The automated, machine learning-powered predictive approach enabled ExxonMobil to increase average production by more than 5% at Bakken gas lift wells optimized using this method.
Traditional ways of solving the question of how much gas to use for gas lift in the Bakken have drawbacks, ExxonMobil data scientist Sasha “Sha” Miao told an audience at the Unconventional Resources Technology Conference (URTeC) in Houston on June 18.

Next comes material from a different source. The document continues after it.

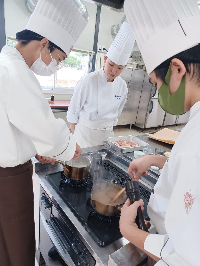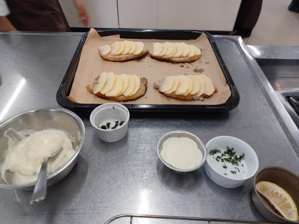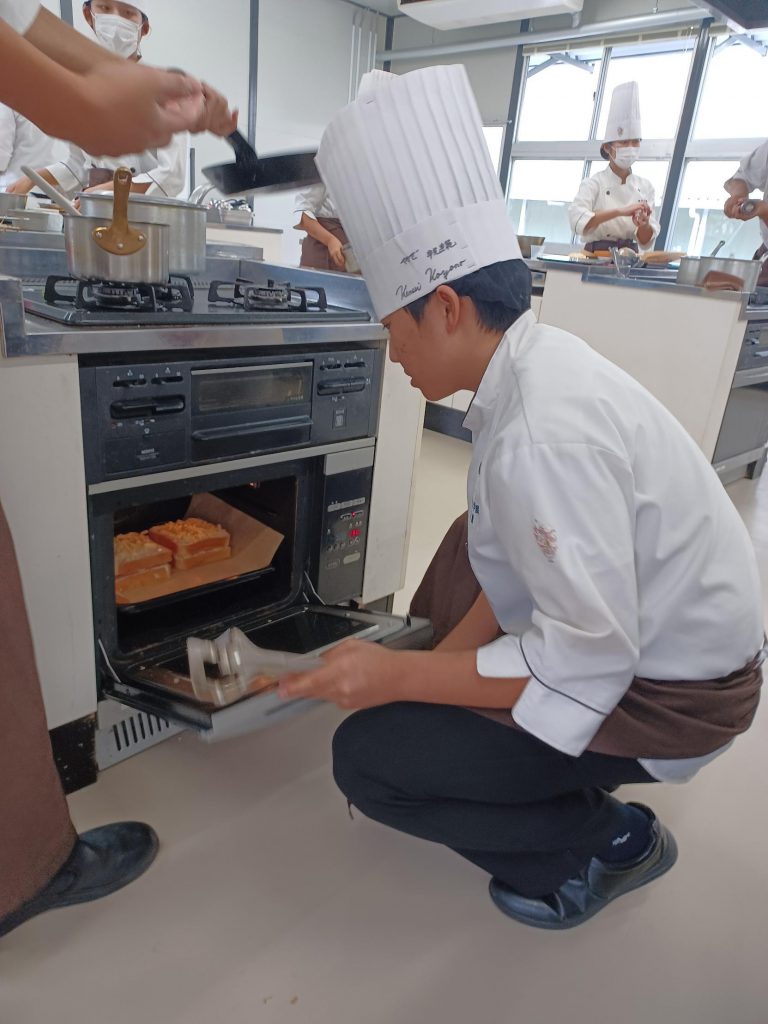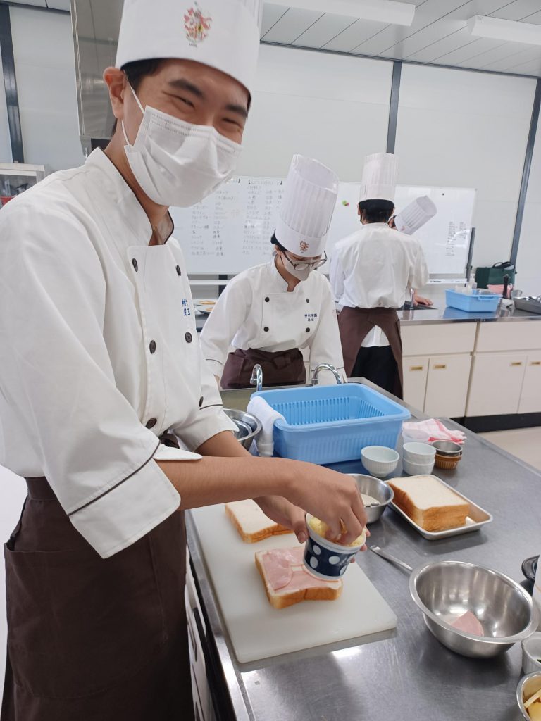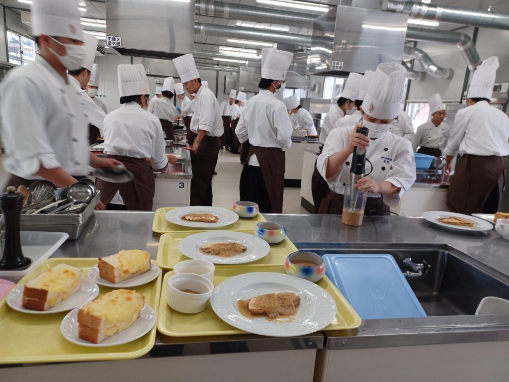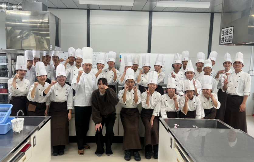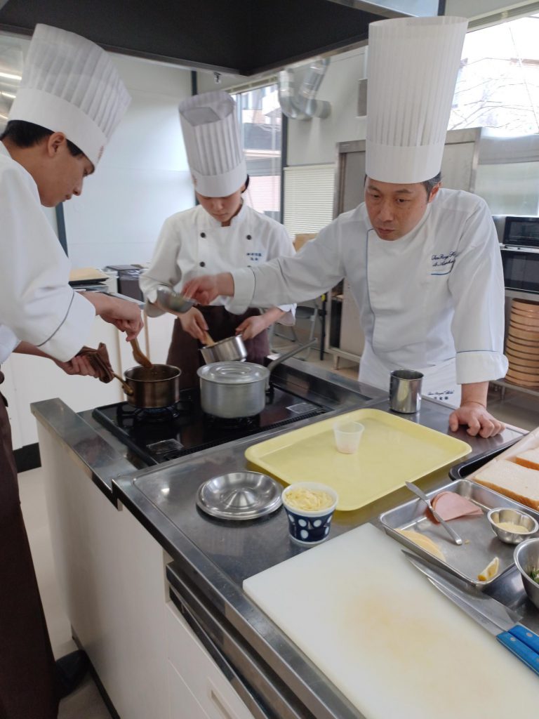 11.10 調理コース2年生 特別調理実習 with サンロイヤルホテル料理長 天川伸也シェフ 2025.11.10高等部 お知らせ調理科 鹿児島サンロイヤルホテル スカイラウンジ フェニックス料理長 天川伸也シェフによる特別調理実習がありました。 天川シェフと本校卒業生の諏訪さんからも指導を受けることができました。 ありがとうございます。 <本日のメニュー> クロックムッシュ 豚ロースとりんごのロースト エビとトマトのスープ 本校卒業生の諏訪 葵さん 後輩たちへの指導ありがとうございます。みんなで ハイチーズ! ありがとうございました。またご指導よろしくお願いします!

“The million-dollar question is, how much gas should we inject to produce the maximum amount of oil over the life of the well,” she asked. “More is not always better.”
Traditional methods for determining the optimal amount of gas to inject rely on physics and data-driven models, both of which have drawbacks, she said. Physics-based models typically provide robust results, but they are labor-intensive and expensive to calibrate, computationally expensive, and difficult to scale from a few wells to hundreds of wells. Moreover, such models rely on assumptions that may not hold true for unconventional wells, she noted.
Data-driven models, on the other hand, are easy to deploy across a field, but suffer from the fact that the asset in question is sparsely instrumented and the highly corrosive downhole environment means there are no downhole gauges to provide the data needed to feed the model.
A complicating factor is that Bakken wells employ pad compression, which limits the scope for modification, she added.
“The Bakken gets very cold in the winter,” she said, and changing the injection rate could cause compressor reliability issues.
We introduce a three-part automated data-driven workflow based on historical production data: Machine Learning-Based Gas Lift Optimization Workflow for Unconventional Fields (paper URTeC 4033553) details the machine learning (ML) prediction, Bayesian optimization, and deployment stages of the workflow, which is deployed through the cloud.
ExxonMobil piloted the workflow in 30 wells across eight Bakken well pads, achieving an average production improvement of more than 5%, and then deployed it to more than 200 gas lift and plunger-assisted gas lift wells in the Bakken.
“We forecast production from every well every week,” she said.
Make predictions
To build the ML predictive model, ExxonMobil collected historical daily data, including production rates, gas injection rates and surface pressure data, cleaned the dataset and plotted the total liquids production from all pilot wells. (Figure 1).

Miao said production forecasts are like stock price forecasts: Just as tomorrow's stock prices are highly correlated with today's stock prices, “next week's production is highly correlated with this week's production rate,” she said.
ExxonMobil transformed the time-series forecasting problem into a regression problem to determine which factors most affected production, she said. As expected, temporal features such as historical liquids production and changes in surface pressure and temperature were the most important factors in tuning the ML model, while gas injection rates were “somewhat important” and static well characteristics were the least important, she said.
After running the model on the well, it was time to do a sanity check to ensure the predictions matched the engineering experience. Predictions should evolve gradually, rather than change dramatically from week to week. (Figure 2).

Source: Paper URTeC 4033553
Massive optimization
Optimizing gas lift in the pilot was not easy because Bakken wells operate on pad compression and each compressor has its own maximum and minimum required capacity. The goal was to maximize the total production of all wells sharing the same compressor while keeping the total gas injection rate of all wells sharing the same compressor within the compressor's capacity.
ExxonMobil chose the Bayesian optimization approach because of the scale of the problem and the efficiency of the method in dealing with a large number of wells, she said.
Deployment Architecture
The continuous integration/continuous deployment workflow used across the cloud includes a prediction pipeline and a training pipeline. (Figure 3) Miao said.

Source: Paper URTeC 4033553
“This prediction pipeline runs on a weekly schedule,” she said, while the training pipeline runs on a monthly basis.
The predictive pipeline forecasts well gas lift performance curves and solves for optimal gas injection rates subject to constraints. End users can compare predictions with actual measurements and alert and troubleshoot any significant deviations.
Every month, the training pipeline retrains the ML model on the latest data and compares it to the existing model – if the new model performs better, it will be used, otherwise the old model will be considered up-to-date and will continue to run for the next month.
“We need to make sure our models are up to date,” she said.
From pilot to expansion
ExxonMobil began the pilot in March 2023 on about 30 wells on eight different pads in the Bakken, which increased production by an average of 5%, she said. It was then fully rolled out and deployed to more than 200 gas lift and plunger-assisted gas lift wells in the Bakken. More than 50 wells were optimized at least once, and 84% of the wells were near optimal, increasing production by an average of 7%, she said.
This approach has completely replaced the physics-based approach in the Bakken, she said.
Miao said the pilot and expansion demonstrated the effectiveness of an automated, data-driven workflow for gas lift optimization in unconventional resources using machine learning.
“It's easy to scale and an effective, economical solution for cost- and equipment-constrained assets,” she says. “This workflow has become a daily monitoring and optimization tool for Bakken engineers to increase productivity and efficiency.”